Here are my thoughts, minus a calculated final answer:

For clarification number the passengers 1-100 based on the order they enter the plane. Number the seats 1-100 based on the passenger that each was originally assigned to.

There is a 1% chance that passenger 1 randomly picks seat 1 that he was assigned. Everything works fine, and passenger 100 gets his assigned seat.

There is a 1% chance that passenger 1 randomly picks seat 100, and passenger 100 will NOT get his assigned seat.

If passenger 1 picks seat 99 (1% chance), then all goes well until passenger 99 must randomly pick between the available seats 1 and 100, which means a 50% chance that passenger 100 gets his own seat.

It progressively gets more complicated.
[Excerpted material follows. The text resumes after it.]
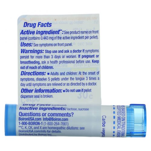 Описание товара Boiron, Single Remedies, Карбо вегетабилис, 30C, прибл. 80 гранул
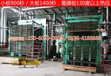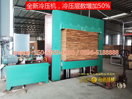 滾好面膠或者覆好膜的板,用熱壓機(jī)進(jìn)行熱壓。合明熱壓機(jī)是全國(guó)領(lǐng)先新型熱壓機(jī),可根據(jù)不同種類模板進(jìn)行各種高溫?zé)釅?,熱壓時(shí)間超長(zhǎng),小板900秒大板1400秒,一般覆膜板130度以上熱壓,高脂覆膜板150度超高溫?zé)釅?,熱壓好的模板最多可周轉(zhuǎn)38次。

If passenger 1 picks seat 98 (again 1% chance), all goes well until passenger 98 makes a random selection between seats 1, 99, and 100. If he chooses 1, all is fine; if he chooses 100, there is failure; if he chooses 99, then passenger 99 makes a random selection between the remaining two seats. I believe this gives (1-(1/3)*(1+0+.5))=0.5 probability that neither of them sits in seat 100.

I think this leads to a summation of terms, each including a 1% chance of passenger 1 choosing seat number n, combined with a product of probabilities that passengers n through 99 sequentially do not randomly choose seat 100 if it is still available when they board.

I further think (1) that I don't know how to draw that summation equation on this forum, and (2) I am too lazy to calculate the total.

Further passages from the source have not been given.